For the second act, however, Puscifer went in another direction, offering a sense of rebirth and hope. Opening with the hymn-like “The Humbling River,” Puscifer reasserted the value of humanity over the forces that were trying to degrade it. The new tune “Impetuous” and older “Grand Canyon” expanded on that theme, banishing fear and embracing curiosity — compassion replaced cruelty.

It wasn’t the night’s final song, but “Grand Canyon” came off as Puscifer’s attempt to answer Normal Isn’t’s dystopian urges. The song’s exaltation of “witnessing the majesty’’ was a rejoinder to the misery-soaked lament — fighting off the temptation to murder the next person who annoys us — that began the evening.

Maynard James Keenan performing as Bellendia Black at the Boch Center Wang Theatre. Photo: Sam McLennan

Still, before Puscifer was done, Keenan steered the performance toward a more traditional concert format with the comical swagger of “Conditions of My Parole,” which featured an appearance by comedian Dave Hill, who opened the concert.

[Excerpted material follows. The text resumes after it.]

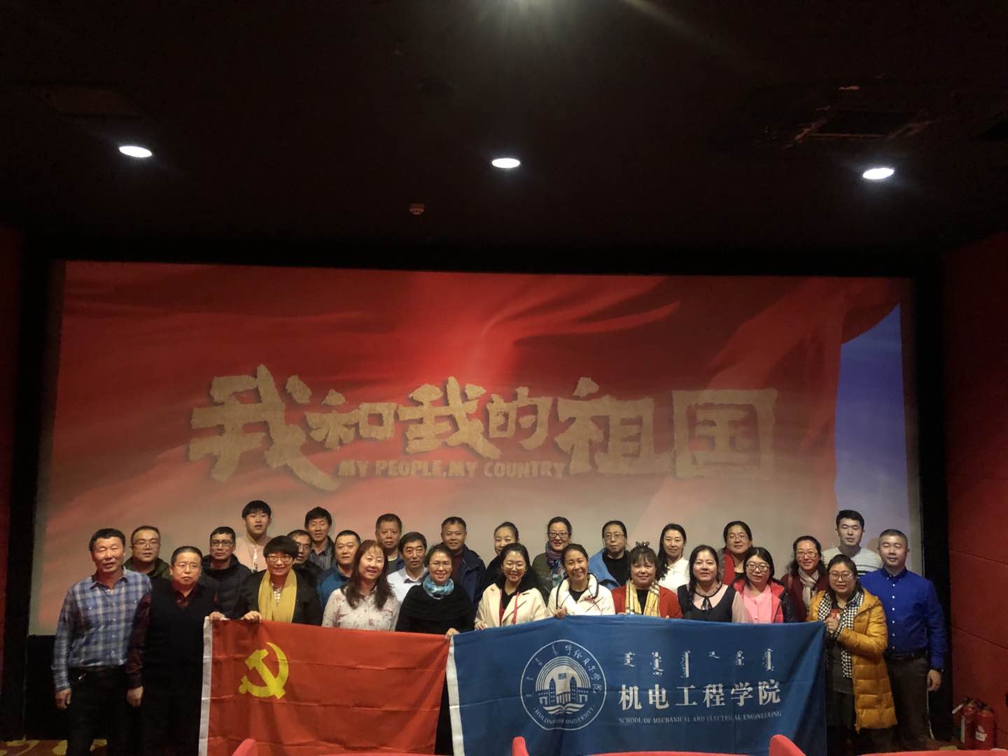 为深入学习贯彻党的十九大精神,扎实开展“不忘初心、牢记使命”主题教育,弘扬爱国主义精神,10月23日下午,机电工程公司党总支组织全体教工共同观看影片《我和我的祖国》。

Keenan broke character to deliver the night’s finale, “A Public Stoning,” the last of the Normal Isn’t numbers to be played. It was one more caution against disengaging from the world around you. The song has the makings of another staple in the Puscifer catalog — expect this tune to live on, even after some sort of new, and hopefully better, normal arrives.

Given how heavy the material Puscifer is trafficking in these days, placing Hill on the bill supplied a satisfying balance. His screwball comedy is rooted in his skill at appearing dumb as he slips in one smart line after another. The funnyman’s props, gags, and musical comedy contributed a welcome irreverence — a frenetic and dizzying half-hour that ended way too soon.



Scott McLennan covered music for the Worcester Telegram & Gazette from 1993 to 2008. He then contributed music reviews and features to The Boston Globe, Providence Journal, Portland Press Herald, and WGBH, as well as to The Arts Fuse. He also operated the NE Metal blog to provide in-depth coverage of the region’s heavy metal scene.

1 Comment

  1. Max on April 6, 2026 at 2:21 pm

    This band just keeps getting better. Maynard has always been a keen observer of human behavior and desire, calling out our failings while (almost) always having a sense of compassion, even for the cheats, perverts and idiots among us. The problem, he once said, is ignorance.

    Well, I always leave a Puscifer/Tool/APC show feeling like I learned something about humanity. This show also has great sound and a criminally underrated drummer! So much winning.